La anunciada vigilancia de la Policía Local de Callosa de Segura contra los actos vandálicos que suponen la rotura de mobiliario urbano y elementos en lugares públicos ha tenido a tres menores de Callosa de Segura como primeras víctimas. Los padres de estos jóvenes denuncian un abuso de autoridad por parte de los agentes que identificaron a tres niños que jugaba con un bote de un refresco en la Glorieta del municipio, según aseguran sus responsable. Un acto que según el equipo de gobierno venía precedido de la rotura del sistema de riego del jardín además de protagonizar otros actos vandálicos, por lo que los agentes pusieron sobre aviso a los chavales.
En cualquier caso en la denuncia redactada por un agente establece el incumplimiento de la ordenanza de convivencia ciudadana aprobada por el Ayuntamiento y que el primer edil, Javier Pérez, dijo el viernes que se iba a cumplir a rajatabla. En el caso concreto de estos chicos el supuesto incumplimiento se daba en el apartado 2 del artículo 24. La madre de uno de los menores identificados advierten de que «este hecho es ilegal, más si cabe cuando los tutores estábamos en la misma Glorieta». El joven denunciado tuvo que ir a Urgencias porque sufría una crisis nerviosa y un episodio de diarrea, provocado según sus padres por el incidente ocurrido en el jardín público.
Los agentes del cuerpo seguridad local cumplieron el mandato del equipo de gobierno, que como avisó el alcalde, Javier Pérez, el pasado viernes va a ser inflexible a la hora de cumplir esta ordenanza. Las brigadas municipales de Obras y Servicios no dan abasto a reparar todos los desperfectos que estropean los jóvenes, por lo que el gobierno municipal ha decidido parar en seco esta situación.

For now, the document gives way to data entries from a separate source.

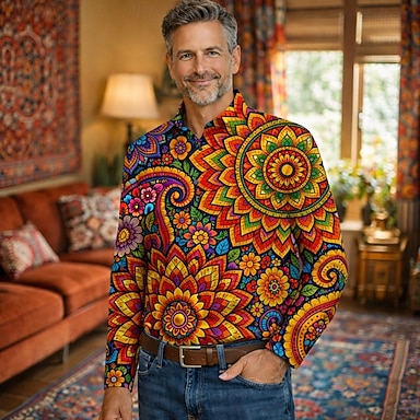 Retrò Vintage Anni '70 Camicia Camicia Aloha Lunghe Hippie Etnico Costume Per uomo Mascherata 4 Luglio Festival Musicale Feste Abbigliamento quotidiano Adulti Camicia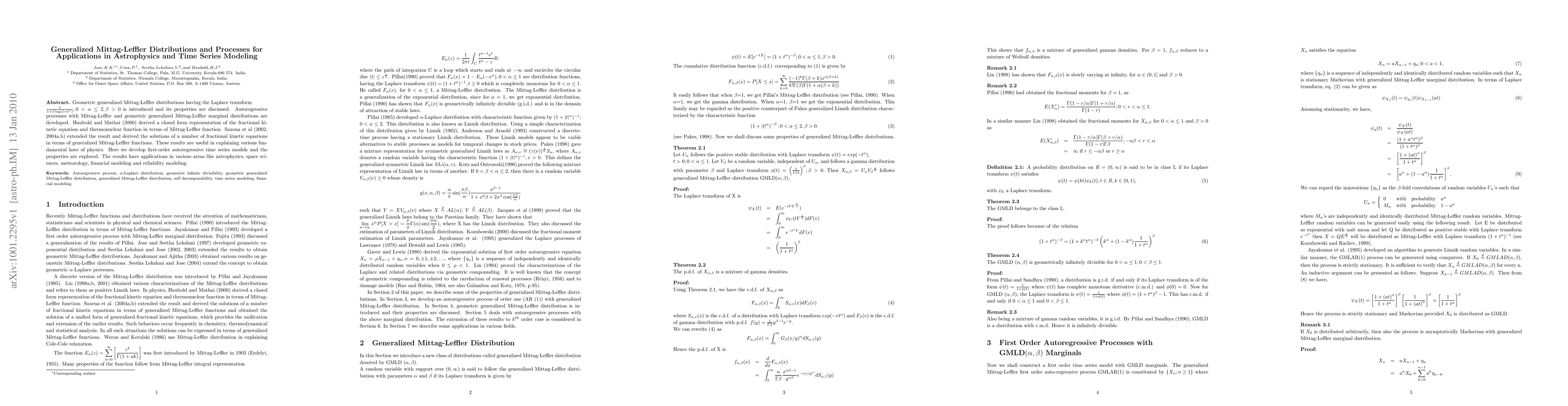 This paper introduces geometric generalized Mittag-Leffler distributions and develops autoregressive processes with these distributions. The findings have broad applications in astrophysics, time series modeling, and other fields due to their utility in explaining fundamental physical laws.
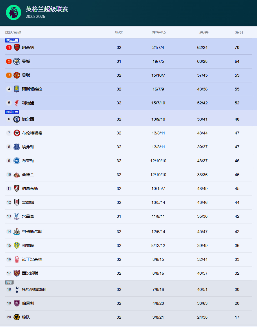 赛前曼联积55分位列英超积分榜第3,与阿斯顿维拉同分且手握欧冠资格主动权。曼联主场状态优异,自2025年11月以来联赛主场不败,球队在卡里克执教下已斩获五连胜。曼联31轮攻入56球,射门次数联赛第一,已连续26场联赛破门。经过24天休赛期,球员的体能也比较充沛。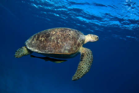 Hawaiian Green Sea Turtle cruising in the warm waters of the Pacific Ocean in Hawaii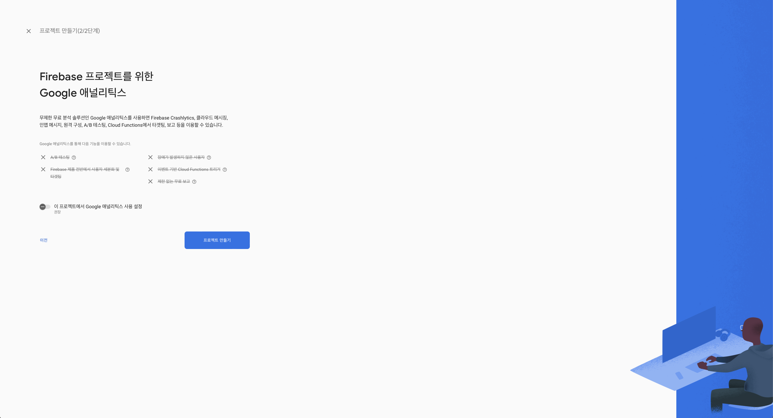 프로젝트를 생성하고, 이름을 지정한 뒤 지금은 필요 없는 Google Analystic은 비활성화한다.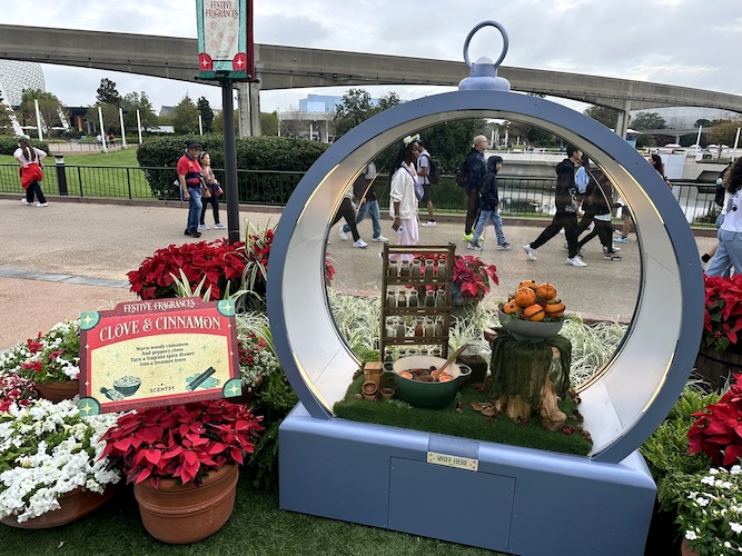 An all-new seasonal display, presented by Scentsy, has debuted for the EPCOT International Festival of the Holidays.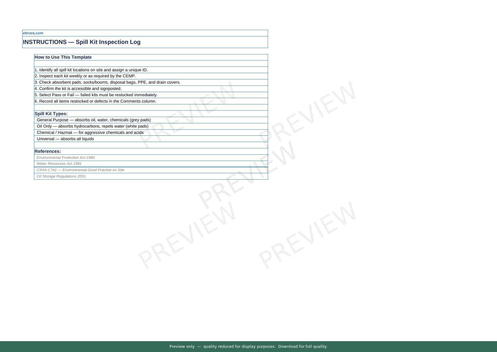 Free Excel template: Spill Kit Inspection Log. Download for UK construction sites.
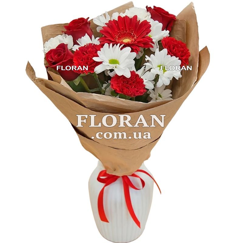 Этот особый букет состоит из 1 красной герберы, символизирующей энергию и силы, которые учителя вкладывают в свою работу. Три красные розы, которые в нем присутствуют, воплощают любовь, преданность и уважение к учителям, которые влияют на наши жизни. Три красные гвоздики добавляют в букет изящества и выразительности, они символизируют приверженность и благодарность. Две белые хризантемы дарят букету чистоту, нежность и безупречность. Вся композиция оформлена в стильную упаковку, которая придает букету завершенный вид и защищает его от повреждений.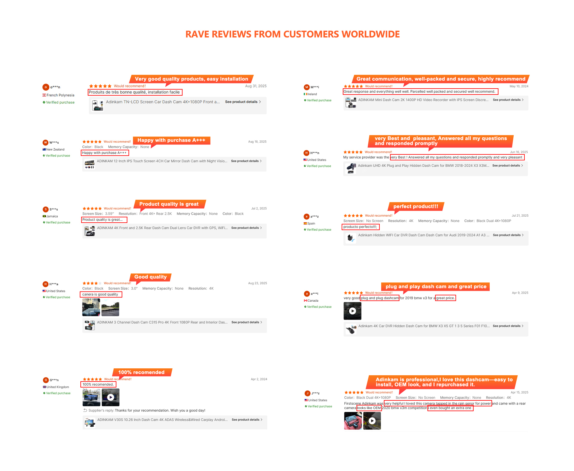 ADINKAM ADAS 4チャンネルバックミラーダッシュカム360度パノラマ4KフロントダッシュカムWifiアプリコントロールBSD LCA 1年保証

Aunque cabe destacar que la madre de uno de los denunciados, Carolina García, recuerda que «un agente no puede identificar a un menor a no ser que haya cometido un delito», y añade que «en la denuncia manifiesta que ha jugado con una lata de Coca Cola y no otra cosa».
Los padres de los tres menores de edad identificados han solicitado una reunión con Pérez y con el concejal de Seguridad Ciudadana, Gaspar Serrano, con el fin de aclarar el incidente. Los progenitores han valorado la posibilidad de poner una denuncia en la Guardia Civil por abuso de autoridad.
El primer edil fue claro y recordó que «los mismos chavales han roto en repetidas ocasiones el sistema de riego por goteo de la Glorieta, un sistema que es muy caro». El regidor popular informa de que los difusores de agua de la fuente central también son objeto de los actos vandálicos de forma habitual. Por este motivo advierte a los padres que «cuando la Policía Local ha tratado de poner una denuncia no solamente sería por jugar con una lata de Coca Cola».
En cualquier caso una de las vecinas asegura que «mi hijo fue tratado como un delincuente, por eso estuvo en ese estado nervioso toda la tarde». Desde el equipo de gobierno «vamos a ser inflexibles porque además de la sanción que corresponde a los autores de destrozos, ellos o sus padres tendrán que acarrear con los gastos de la reparación, ya que los demás ciudadanos no tiene por qué pagarlo».
Otro foco propicio para las pintadas es el muro perimetral del centro de discapacitados, donde los jóvenes pintan graffitis por doquier. El primer edil valoró que «vamos a tener una pareja de forma exclusiva para que se cumplan esta ordenanza», aclaró el popular.